Genre : Drame
Durée : 97’
Acteurs : Julia Garner, Owen Holland, Jon Orsini, Matthew Macfadyen, Patrick Wilson, Dagmara Dominczyk...
Synopsis :
Jane, une jeune diplômée qui rêve de devenir productrice, vient d’être engagée comme assistante d’un puissant dirigeant, nabab du divertissement. Sa journée type ressemble à celle de toutes les autres assistantes : faire du café, remettre du papier dans le photocopieur, commander à déjeuner, organiser des voyages, prendre les messages. Mais au fil de cette journée, Jane se rend progressivement compte des abus insidieux qui découlent de tous les aspects de sa position et qu’elle n’avait pas anticipés...
La critique de Julien
Kitty Green sort les griffes. Après plusieurs documentaires, la réalisatrice australienne s’inspire notamment pour son premier film du cas de Harvey Weinstein, et donc du harcèlement dans l’industrie cinématographique, révélé au monde suite au mouvement #MeToo, et donc grâce au courage de victimes, de près ou de loin, ayant osé libérer la parole, malgré les nombreux obstacles à franchir. Dans "The Assistant", la cinéaste filme Jane (Julia Garner, vue dans la série dramatique policière Netflix "Ozark"), une jeune assistante qui travaille depuis cinq semaines dans une société de production cinématographique à New York, laquelle suspectera des abus sexuels commis par son patron sur de nombreuses jeunes femmes. Heureusement que Jane - d’après son chef de service (joué par Matthew Macfadyen) - "n’a rien à craindre, car elle n’est pas son style". Difficile de faire entendre sa voix dans un environnement toxique, misogyne et complaisant envers ce bourreau, ayant favorisé une culture du harcèlement au sein de son entreprise, où le silence d’autrui sur ses actes est tout aussi coupable que les atrocités commises.

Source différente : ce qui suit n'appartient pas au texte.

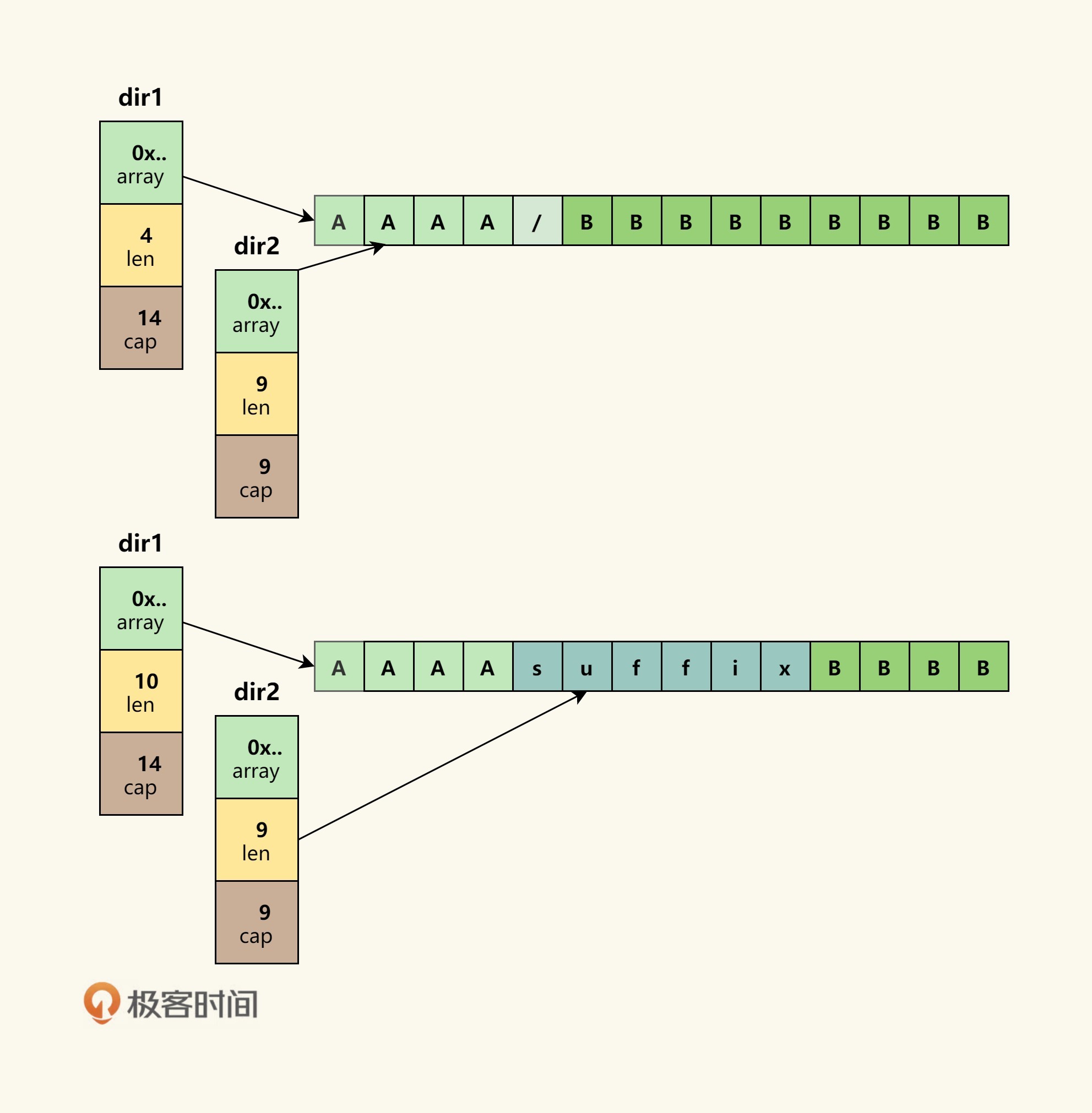 在这个例子中, dir1dir2 共享内存,虽然 dir1 有一个 append() 操作,但是因为 cap 足够,于是数据扩展到了 dir2 的空间。下面是相关的图示(注意上图中 dir1dir2 结构体中的 caplen 的变化):

Ayant fait sa première mondiale au Festival du Film de Telluride le 30 août 2019, il y a donc presque deux ans (!), "The Assistant" se fraie enfin une petite place dans nos salles de cinéma, lui qui est à réserver à un public averti, étant donné une mise en scène particulière, faisant abstraction de toute action. On sent Kitty Green dès lors venue du monde du documentaire. Le film se déroule sur une journée-type au travail de la jeune femme, qui commence bien avant l’aube pour se terminer tard le soir, alors que les longues heures de travail, et les tâches aussi subalternes qu’exigeantes la maintiennent occupée et incroyablement stressée, elle qui en oublie même l’anniversaire de son père... Il faut alors quelques longues minutes pour rentrer dans cette intimité journalière, et déceler les interrogations de cette anti-héroïne - très actuelle - psychologiquement malmenée. Le film se regarde et prend alors de la consistance à mesure que la demoiselle se rend compte de l’impensable, elle qui est pourtant fière et reconnaissante de sa place dans cette société, tel un passage obligé, lequel pourrait lui permettre ainsi d’atteindre son rêve, et donc de devenir productrice à son tour. Kitty Green met alors en scène un long malaise d’une froideur extrême, qui reflétait autrefois (?) la mainmise sans peur ni scrupule de ces magnats et prédateurs sexuels sournois, riches et idolâtrés, sur la gente féminine, et cela par un rapport de domination et de manipulation, ici dans le milieu du divertissement, alors que leurs collaborateurs fermaient volontairement leurs yeux sur ces faits, pour autant qu’ils en avaient connaissance... On ne refera pas ici l’histoire de cette horreur et terrible machination humaine, mais "The Assistant", malgré la petitesse de sa production, en dit et insinue beaucoup, au contraire d’en montrer.
Alors que l’on ne verra jamais le visage de celui dont on entendra uniquement la voix par téléphone depuis un bureau adjacent, la caméra de Kitty Green capte toutes les émotions de son actrice, Julia Garner, troublante, elle qui incarne avec une retenue déconcertante l’impuissance depuis sa position, constamment écrasée, et rabaissée pourtant dans sa juste démarche, laquelle, à ce moment-là, n’était pas une option. La suite, on la connaît. "The Assistant" n’est certainement pas le film le plus entraînant et distrayant qu’on ait vu depuis la réouverture des salles de cinéma, mais il est une fenêtre inédite et un des premiers films post-#MeToo a osé se concentrer sur cette affaire dont le cinéma ne s’est toujours pas remis, et dont les principales victimes ne se remettront, quant à elles, sans doute jamais.